Blind Sailing International is an Organisation to support expand and further the opportunities for visually impaired people competing in the sport of sailing.
Blind Sailing International (BSI) does this through:
- Supporting international sailing championships.
- Promoting Visually Impaired sailing activities and achievements.
- Providing an information source.
- Providing an opportunity for Blind and Partially sighted sailors to share their experiences.
- Working with World Sailing and the World Sailing Para World Sailing Committee (formerly the International Federation of Disabled Sailors (IFDS)).
- Working internationally with other sailing Organisations to develop sailing opportunities for visually impaired sailors.
HOW DO BLIND SAILORS RACE?
Visually Impaired Fleet Racing:
Blind Sailing International started a class of Fleet Racing which provided visually impaired sailors with a level playing field. Where lack of sight is no longer a disadvantage. Generally we race on keel boats, anything from 22 ft to 30 ft. racing in teams of four people, two visually impaired and two sighted. The helmsman, who is responsible for the steering, is always visually impaired. The tactician is sighted and not allowed to take part in the physical sailing of the boat. There is a visually impaired crew member and a sighted crew member who take care of the sails and trim of the boat.
Sailing takes place in three fleets which allows for totally blind helms to race against each other, while those with poor partial sight race each other and those with more partial sight to compete against one another. Racing in integrated teams provides the necessary communication between crew members to ensure that competition is as close and tactical as with any other racing fleet. Normal rules of racing apply.
Blind Match Racing:
The Homerus Organisation developed autonomous match racing for blind and partially sighted sailors.
Sailing to match racing rules, Blind and partially sighted sailors race a matched pair of boats around a course of audio sound buoys, using sound and wind to navigate and make all the tactical and sail trim decisions.

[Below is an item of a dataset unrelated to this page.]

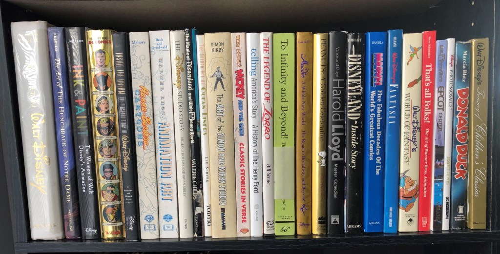 Third Shelf: ‘Ink and Paint – The Women of Walt Disney’s Animation’ is a lavishly illustrated and very comprehensive read about an underrated group of contributors to the world of our favorite Disney characters. ‘The Art of the Simon and Kirby Studio’ shares the history of two of comic books greatest actual heroes with some amazing never-before-seen artwork. This is only one of the many books I have on the history of Marvel and DC comics. ‘Harold Lloyd’ harkens back to the Silent Screen where men like Buster Keaton and Charlie Chaplin risked life and limb to make us laugh. But somewhat before and contemporary with those two more well-known men was another man who perhaps went them one better! Lastly on this shelf is ‘Donald Duck’. Need I say more?

VI Sailor Classifications:
Visually Impaired Sailors are classified by strict guidelines into three groups which are effectively in simple terms:
- B1: No functional sight
- B2: Poor partial sight
- B3: No more than 10% functional sight
Although sailing is not currently part of the Paralympic Games, in recent quads the three person Sonar keelboat class and the two person Skud keelboat allowed visually impaired sailors to race as part of mixed disability teams. When sailing re-enters the Paralympics, we look forward to having visually impaired sailors competing.
Main Stream Sailing:
Through team work and good communication, visually impaired sailors enjoy the challenge of main stream racing.